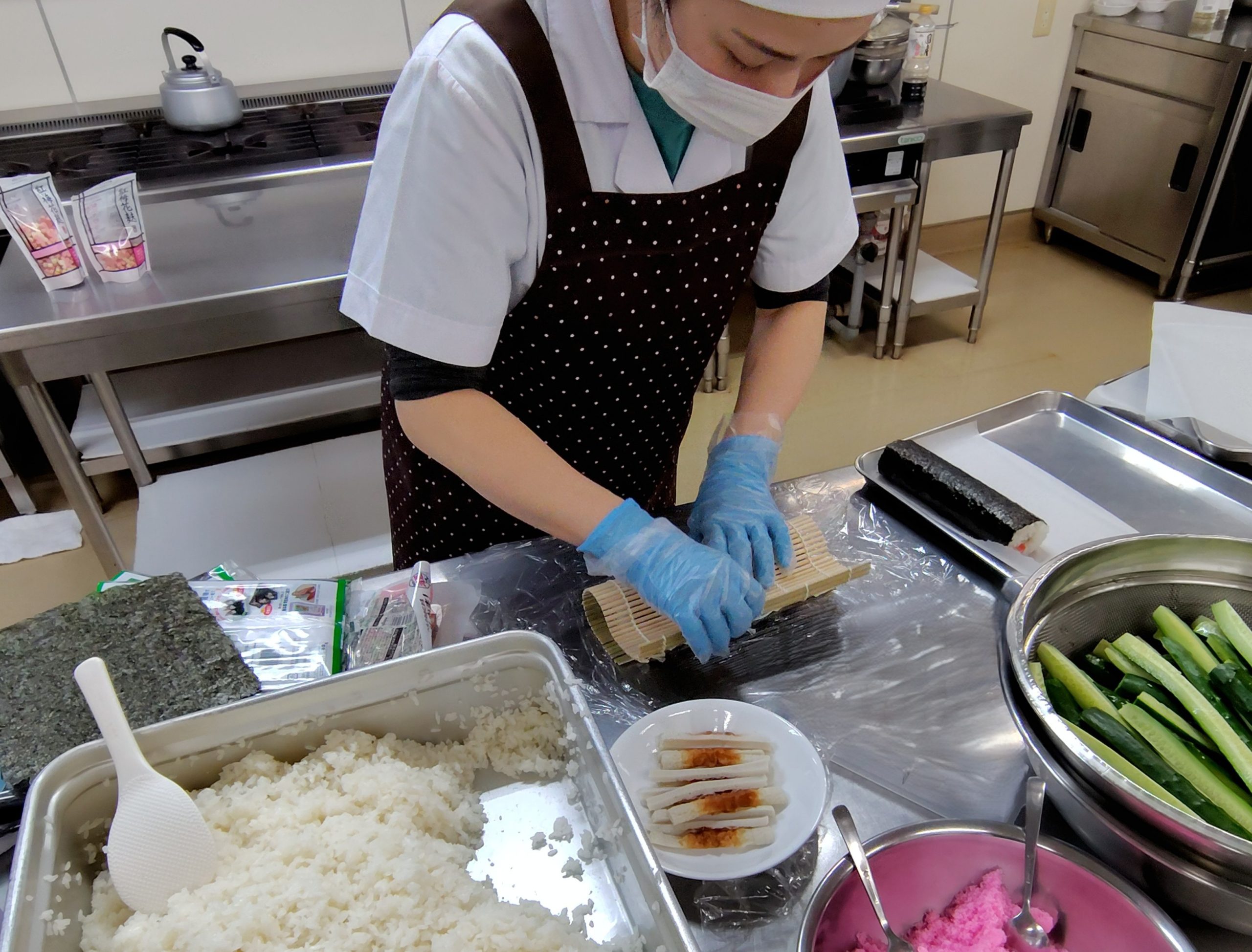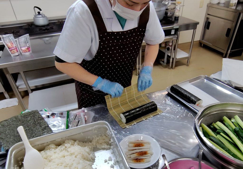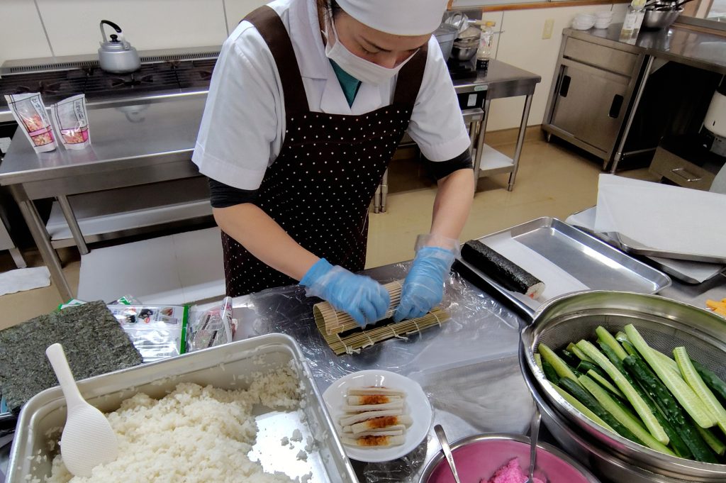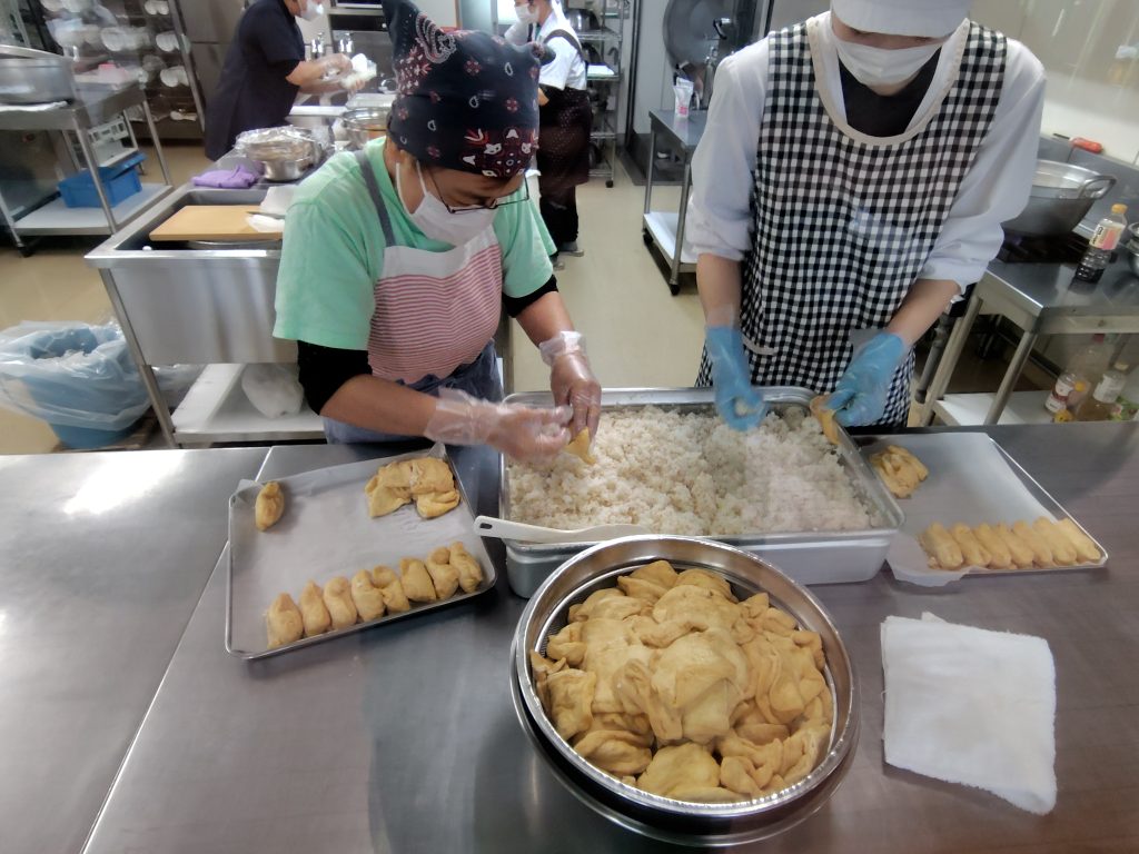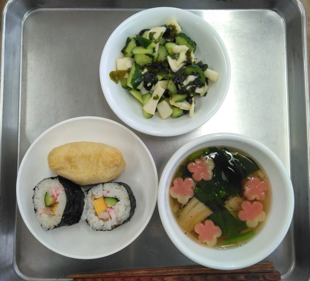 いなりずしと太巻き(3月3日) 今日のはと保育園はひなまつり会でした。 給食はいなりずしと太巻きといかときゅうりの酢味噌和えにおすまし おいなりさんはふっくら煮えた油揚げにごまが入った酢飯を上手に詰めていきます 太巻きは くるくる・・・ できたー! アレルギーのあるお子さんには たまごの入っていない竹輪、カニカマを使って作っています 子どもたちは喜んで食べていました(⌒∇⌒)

+ + +

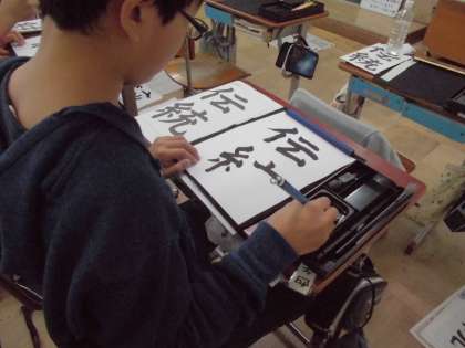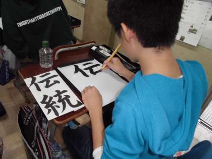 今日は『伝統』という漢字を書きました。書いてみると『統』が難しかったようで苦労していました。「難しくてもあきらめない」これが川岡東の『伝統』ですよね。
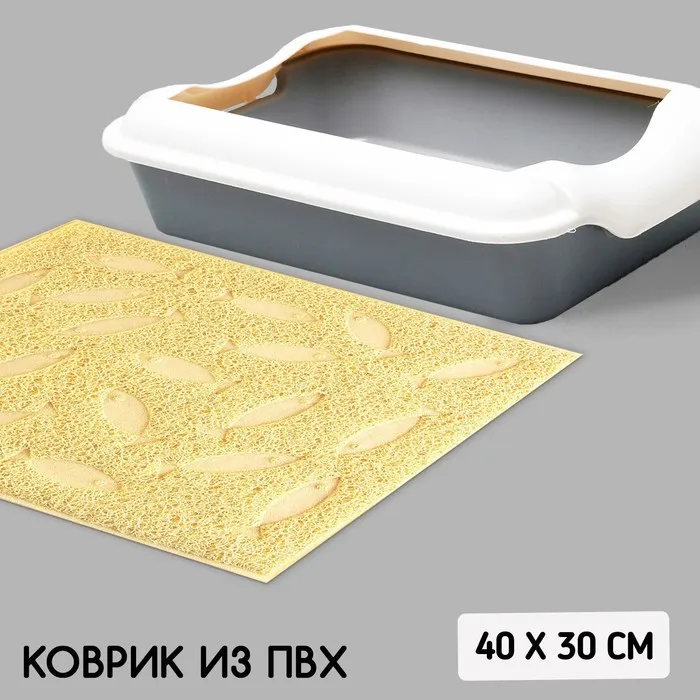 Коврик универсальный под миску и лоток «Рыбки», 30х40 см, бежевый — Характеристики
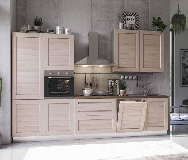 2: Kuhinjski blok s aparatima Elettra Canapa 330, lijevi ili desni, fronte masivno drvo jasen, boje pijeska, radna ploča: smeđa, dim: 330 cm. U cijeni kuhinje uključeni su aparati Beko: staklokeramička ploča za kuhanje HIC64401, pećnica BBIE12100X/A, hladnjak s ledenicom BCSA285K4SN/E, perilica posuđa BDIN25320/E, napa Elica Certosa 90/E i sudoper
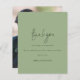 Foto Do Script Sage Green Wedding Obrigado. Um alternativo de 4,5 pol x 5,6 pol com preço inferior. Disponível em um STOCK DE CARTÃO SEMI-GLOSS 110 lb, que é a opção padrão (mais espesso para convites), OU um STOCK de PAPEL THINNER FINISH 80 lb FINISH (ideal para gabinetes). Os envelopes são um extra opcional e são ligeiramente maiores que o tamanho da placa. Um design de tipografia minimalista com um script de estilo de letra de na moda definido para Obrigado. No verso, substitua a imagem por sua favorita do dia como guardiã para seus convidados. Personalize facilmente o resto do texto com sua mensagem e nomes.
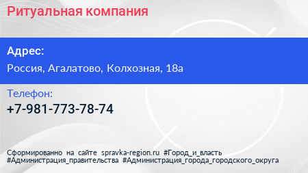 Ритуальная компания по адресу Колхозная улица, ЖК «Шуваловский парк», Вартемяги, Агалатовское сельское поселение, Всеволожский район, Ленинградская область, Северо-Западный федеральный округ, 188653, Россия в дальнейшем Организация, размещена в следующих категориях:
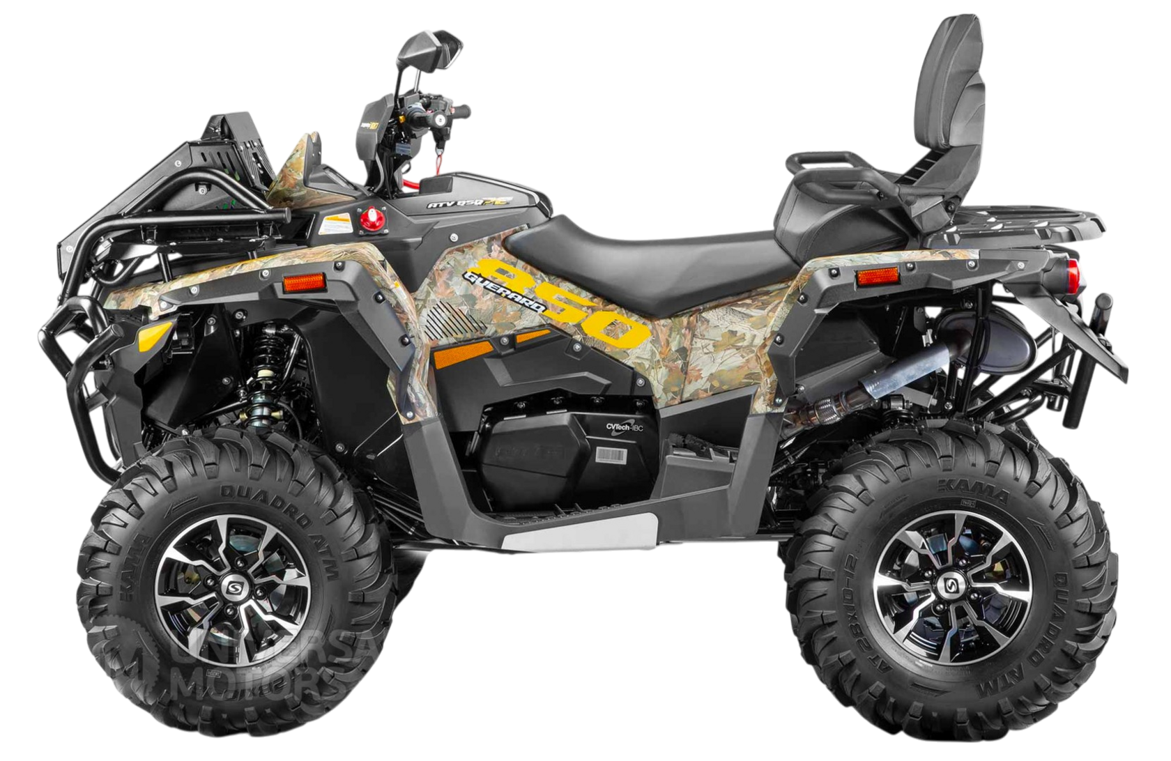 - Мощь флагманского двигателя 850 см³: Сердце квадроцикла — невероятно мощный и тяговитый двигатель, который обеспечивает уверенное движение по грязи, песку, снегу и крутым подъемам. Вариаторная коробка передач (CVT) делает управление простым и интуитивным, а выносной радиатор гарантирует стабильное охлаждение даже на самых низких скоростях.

+ + +

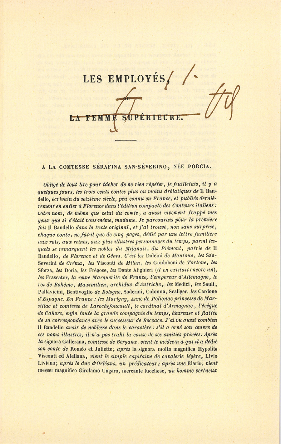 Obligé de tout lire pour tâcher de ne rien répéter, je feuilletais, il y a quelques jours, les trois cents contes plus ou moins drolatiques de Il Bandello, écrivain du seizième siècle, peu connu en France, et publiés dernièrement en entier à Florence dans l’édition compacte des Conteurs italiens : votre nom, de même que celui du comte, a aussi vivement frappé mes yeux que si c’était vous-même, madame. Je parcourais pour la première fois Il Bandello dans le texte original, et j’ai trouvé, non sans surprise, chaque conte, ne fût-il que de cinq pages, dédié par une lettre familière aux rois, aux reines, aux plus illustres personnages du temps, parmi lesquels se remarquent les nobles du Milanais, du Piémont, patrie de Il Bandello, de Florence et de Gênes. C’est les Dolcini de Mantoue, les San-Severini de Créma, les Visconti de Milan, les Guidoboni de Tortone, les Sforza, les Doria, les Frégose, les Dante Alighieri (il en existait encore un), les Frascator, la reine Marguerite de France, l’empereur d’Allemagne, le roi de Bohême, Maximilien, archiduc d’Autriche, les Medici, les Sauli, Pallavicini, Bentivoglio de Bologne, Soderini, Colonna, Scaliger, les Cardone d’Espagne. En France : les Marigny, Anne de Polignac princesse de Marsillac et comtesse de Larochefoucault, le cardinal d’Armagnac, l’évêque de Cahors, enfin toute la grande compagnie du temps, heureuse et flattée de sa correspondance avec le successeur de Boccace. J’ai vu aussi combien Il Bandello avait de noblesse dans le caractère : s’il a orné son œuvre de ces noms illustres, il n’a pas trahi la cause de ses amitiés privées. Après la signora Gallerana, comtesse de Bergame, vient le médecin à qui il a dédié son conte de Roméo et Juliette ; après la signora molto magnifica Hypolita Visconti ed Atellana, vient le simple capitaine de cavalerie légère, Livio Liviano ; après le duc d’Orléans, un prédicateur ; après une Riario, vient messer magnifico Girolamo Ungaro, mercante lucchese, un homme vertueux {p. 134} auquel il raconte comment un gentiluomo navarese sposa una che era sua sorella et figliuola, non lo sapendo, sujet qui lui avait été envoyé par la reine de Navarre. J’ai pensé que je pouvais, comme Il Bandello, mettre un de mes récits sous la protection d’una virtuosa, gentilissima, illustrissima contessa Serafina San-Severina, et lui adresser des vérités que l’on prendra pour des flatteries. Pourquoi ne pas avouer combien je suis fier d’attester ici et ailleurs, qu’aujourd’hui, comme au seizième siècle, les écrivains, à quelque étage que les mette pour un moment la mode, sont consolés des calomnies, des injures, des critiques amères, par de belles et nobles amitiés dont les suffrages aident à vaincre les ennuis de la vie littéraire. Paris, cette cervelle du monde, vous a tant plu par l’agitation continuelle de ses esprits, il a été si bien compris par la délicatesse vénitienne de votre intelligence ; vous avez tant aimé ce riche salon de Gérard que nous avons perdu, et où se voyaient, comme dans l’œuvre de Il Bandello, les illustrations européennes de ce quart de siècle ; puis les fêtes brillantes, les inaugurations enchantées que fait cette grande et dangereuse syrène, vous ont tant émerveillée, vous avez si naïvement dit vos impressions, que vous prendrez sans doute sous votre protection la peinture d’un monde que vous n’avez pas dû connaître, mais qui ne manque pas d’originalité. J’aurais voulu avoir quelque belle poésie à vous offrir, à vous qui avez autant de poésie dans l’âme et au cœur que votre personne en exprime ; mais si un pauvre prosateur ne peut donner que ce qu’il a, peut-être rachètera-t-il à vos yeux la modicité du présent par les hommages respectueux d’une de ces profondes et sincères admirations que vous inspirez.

+ + +

### To do
I'd like the lines above repeated exactly, from the one that contains "Коврик универсальный под" through the one that contains "- Мощь флагманского", with no pictures.

### Response to the exercise
 Коврик универсальный под миску и лоток «Рыбки», 30х40 см, бежевый — Характеристики
 2: Kuhinjski blok s aparatima Elettra Canapa 330, lijevi ili desni, fronte masivno drvo jasen, boje pijeska, radna ploča: smeđa, dim: 330 cm. U cijeni kuhinje uključeni su aparati Beko: staklokeramička ploča za kuhanje HIC64401, pećnica BBIE12100X/A, hladnjak s ledenicom BCSA285K4SN/E, perilica posuđa BDIN25320/E, napa Elica Certosa 90/E i sudoper
 Foto Do Script Sage Green Wedding Obrigado. Um alternativo de 4,5 pol x 5,6 pol com preço inferior. Disponível em um STOCK DE CARTÃO SEMI-GLOSS 110 lb, que é a opção padrão (mais espesso para convites), OU um STOCK de PAPEL THINNER FINISH 80 lb FINISH (ideal para gabinetes). Os envelopes são um extra opcional e são ligeiramente maiores que o tamanho da placa. Um design de tipografia minimalista com um script de estilo de letra de na moda definido para Obrigado. No verso, substitua a imagem por sua favorita do dia como guardiã para seus convidados. Personalize facilmente o resto do texto com sua mensagem e nomes.
 Ритуальная компания по адресу Колхозная улица, ЖК «Шуваловский парк», Вартемяги, Агалатовское сельское поселение, Всеволожский район, Ленинградская область, Северо-Западный федеральный округ, 188653, Россия в дальнейшем Организация, размещена в следующих категориях:
 - Мощь флагманского двигателя 850 см³: Сердце квадроцикла — невероятно мощный и тяговитый двигатель, который обеспечивает уверенное движение по грязи, песку, снегу и крутым подъемам. Вариаторная коробка передач (CVT) делает управление простым и интуитивным, а выносной радиатор гарантирует стабильное охлаждение даже на самых низких скоростях.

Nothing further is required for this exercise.